3.3 Delivery of Funds. After the execution of this Agreement by the Investor and the Company, at each Closing the Investor shall remit by wire transfer the amount of funds equal to the aggregate purchase price for the Shares being purchased by the Investor at such Closing to the following account designated by the Company:



Bank:
Routing#:
Acct#:
Acct Name:
Investor shall also furnish the Company a completed W-9 form (or, in the case of an Investor who is not a United States citizen or resident, a W-8 form).

4. Representations, Warranties and Covenants of the Investor.
The Investor acknowledges, represents and warrants to, and agrees with, the Company that:
4.1      The Investor (a) is knowledgble, sophisticated and experienced in making, and is qualified to make decisions with respect to, investments in shares presenting an investment decision like that involved in the purchase of the Shares, including investments in securities issued by the Company and investments in comparable companies, (b) has answered all questions on the Signature Page and the Investor Questionnaire and the answers thereto are true and correct as of the date hereof and will be true and correct as of the Initial Closing Date and the Second Closing Date, as applicable, (c) in connection with its decision to purchase the number of Shares set forth on the Signature Page, has received and is relying solely upon (i) the Disclosure Package and the documents incorporated by reference therein and (ii) the Offering Information, and not any other preliminary or final prospectus pursuant to the Registration Statement and (d) the Investor it is responsible for conducting its own due diligence investigation with respect to the Company and this Offering, it is purchasing shares in this Offering based on the results of its own due diligence investigation of the Company, it has negotiated this Offering directly with the Company and the decision to invest in this Offering will involve a significant degree of risk, including a risk of total loss of such investment.
 
4.2       (a) No action has been or will be taken in any jurisdiction outside the United States by the Company that would permit an offering of the Shares, or possession or distribution of offering materials in connection with the issue of the Shares in any jurisdiction outside the United States where action for that purpose is required and (b) if the Investor is outside the United States, it will comply with all applicable laws and regulations in each foreign jurisdiction in which it purchases, offers, sells or delivers Shares or has in its possession or distributes any offering material, in all cases at its own expense.
 
4.3       The Investor has full right, power, authority and capacity to enter into this Agreement and to consummate the transactions contemplated hereby and has taken all necessary action to authorize the execution, delivery and performance of this Agreement, and (b) this Agreement constitutes a valid and binding obligation of the Investor enforceable against the Investor in accordance with its terms, except as enforceability may be limited by applicable bankruptcy, insolvency, reorganization, moratorium or similar laws affecting creditors’ and contracting parties’ rights generally and except as enforceability may be subject to general principles of equity (regardless of whether such enforceability is considered in a proceeding in equity or at law) and except as to the enforceability of any rights to indemnification or contribution that may be violative of the public policy underlying any law, rule or regulation (including any federal or state securities law, rule or regulation).
 
4.4       The Investor understands that nothing in this Agreement, the Prospectus or any other materials presented to the Investor in connection with the purchase and sale of the Shares constitutes legal, tax or investment advice.
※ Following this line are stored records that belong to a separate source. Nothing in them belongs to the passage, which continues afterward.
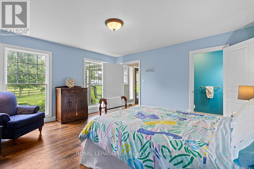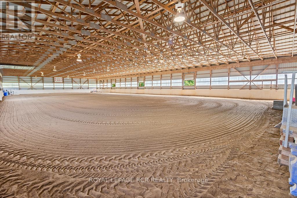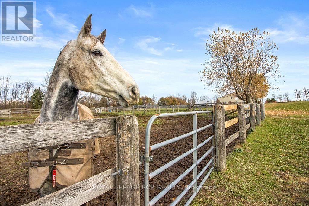 Where Horse, Home, and Heart Align. Set among premier horse farms in elite equestrian country, this exceptional 49-acre estate is designed for those whose days begin in the barn aisle and end planning the next ride. Ten lush paddocks with frost-free hydrants and hydro support seamless, year-round horsekeeping, while the insulated, ventilated 20-stall steel barn features a heated tack room, wash and grooming stalls, feed room, 3-piece bath, & hay storage above with convenient drops - efficient and rider-friendly. The attached 76' x 160' indoor arena with operable windows allows consistent training through every season, perfect for winter miles and polishing flatwork. Outdoors, a large jumping field, 150' x 200' sand ring, and grass dressage field support relaxed hacks to show-ready schooling, while two productive hayfields enhance self-sufficiency. The 1997-built residence offers comfort after long days in boots and breeches, with hand-scraped wide-plank hickory floors, 9' and cathedral ceilings, and abundant natural light. The updated chef's kitchen with Wolf cooktop, leathered granite counters, and generous island opens to the dining area and Great Room with beamed cathedral ceiling. A main-floor bedroom with ensuite adds flexibility; upstairs are three additional bedrooms and updated baths with heated floors and towel warmers. The primary suite includes a dressing room, custom walk-in closet, and spa-inspired ensuite. Walk-out lower level awaits future plans. Upgrades include a 2024 cold-climate heat pump with propane furnace backup, Generac generator supporting essential farm systems, and newer Goodfellow siding. Minutes from Angelstone, Meadowlarke North, and Palgrave-where life with horses feels perfectly in stride. A thoughtful layout keeps routines efficient, from first feed to final night check, with easy flow between barn, arena, & home-ideal for competitors or passionate riders seeking a turnkey property ready to enjoy from day one. Ready to tack up now. (id:51300)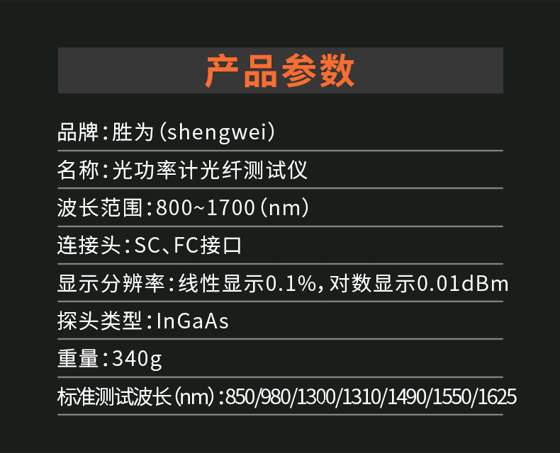 標(biāo)準(zhǔn)測試波長(nm):850/980/1300/1310/1490/1550/1625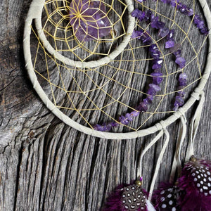 A stunning dreamcatcher loaded with amethyst gemstones! Amethyst is a meditation stone with aid of healing and addictions.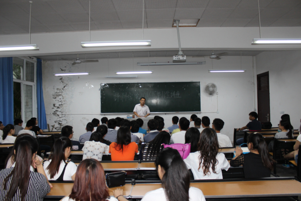 张老师语言风趣幽默,他结合自身经历,分别从确立考研目标、保持考研信心、坚持考研目标三个方面分享了考研经验。他说,目标的确立很重要。暂时迷惑的同学可以从自己的专业成绩,专业兴趣与特长,人脉关系、喜欢的城市,甚至是喜欢的人来帮助确定考研目标,最终定下考研目标城市、学校甚至是专业方向。在确定好目标后就要付出行动,他建议有考研意向的同学现阶段一定要注意英语、政治的学习。在英语上,要加强词汇量,加强阅读理解和写作能力,达到确保过关甚至高分的目的。在政治上,他建议大家加强知识点的记忆,可以通过报辅导班达到过关和高分的目的。他还希望同学们多请教师兄师兄姐,了解所考专业动向,甚至是往年专业考试资料,增加专业课考试的针对性。考研是个长时间的学习过程,他建议大家在出现情绪波动的时候一定要保持信心和自信,多鼓励自己,赞扬自己。最后,他给大家介绍几个鼓励自己坚持下去的方法:一是找几个志向考研的同学组建学习小组,通过相互监督、相互鼓励达到坚持的目的;二是学会调整好情绪,找到适合自己的情绪宣泄方式;三是学会控制自己的情绪;四是多与有正能量的人接触,增加信心增强斗志。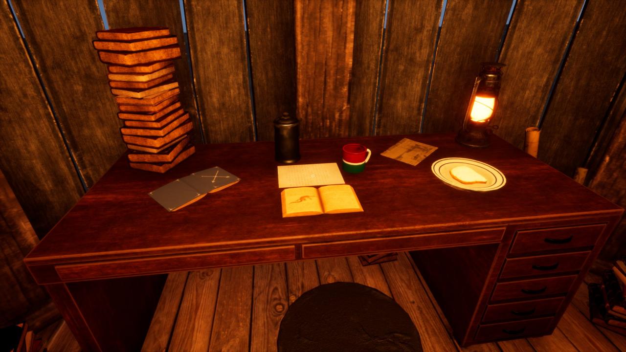 04. after unlocking the door and entering the cabin, it’s on the table.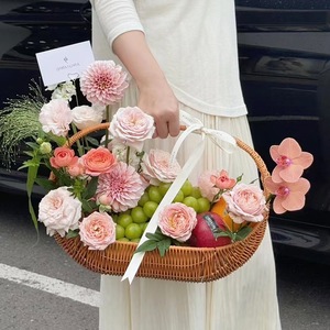 纯色水果篮法式田园风手提篮简约时尚野餐轻食篮子礼品藤篮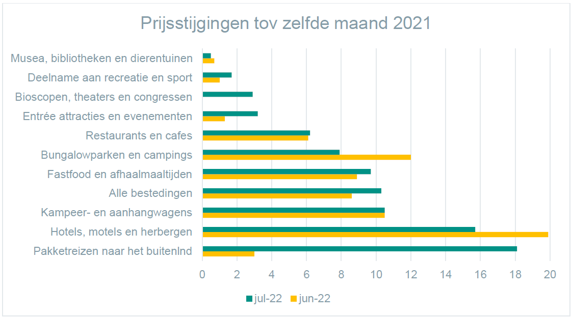 Het moeilijk kunnen doorberekenen van de gestegen kosten door musea, dierentuinen, bioscopen, theaters en organisatoren van congressen blijkt uit de geringe prijsstijgingen in deze branches. Deze waren in juli niet hoger dan 3 procent. Een vergelijking met andere branches en de totale inflatie van 10,3 procent laat zien dat dit geen grote toename is. Kampeerwagens (10,5 procent), hotelkamers (15,7 procent) en pakketreizen naar het buitenland (18,1 procent) zijn daarentegen in de afgelopen maand fors in prijs gestegen. Ook fastfood en afhaalmaaltijden zijn flink duurder geworden met een stijging van 9,7 procent in juli. Restaurants en cafés hadden meer moeite de gestegen kosten volledig door te berekenen; hier stegen de prijzen in juli met 6,2 procent.

The Investor has consulted such legal, tax and investment advisors as it, in its sole discretion, has deemed necessary or appropriate in connection with its purchase of Shares. The Investor acknowledges that the Company is conducting a concurrent public offering of Common Stock through an underwriter (the “Underwriter”). Investor acknowledges that the Underwriter has not made any offer, representation or warranty with respect to this Offering, and Investor has not relied, and will not rely, on any statement made by the Underwriter, orally or in writing, to the contrary.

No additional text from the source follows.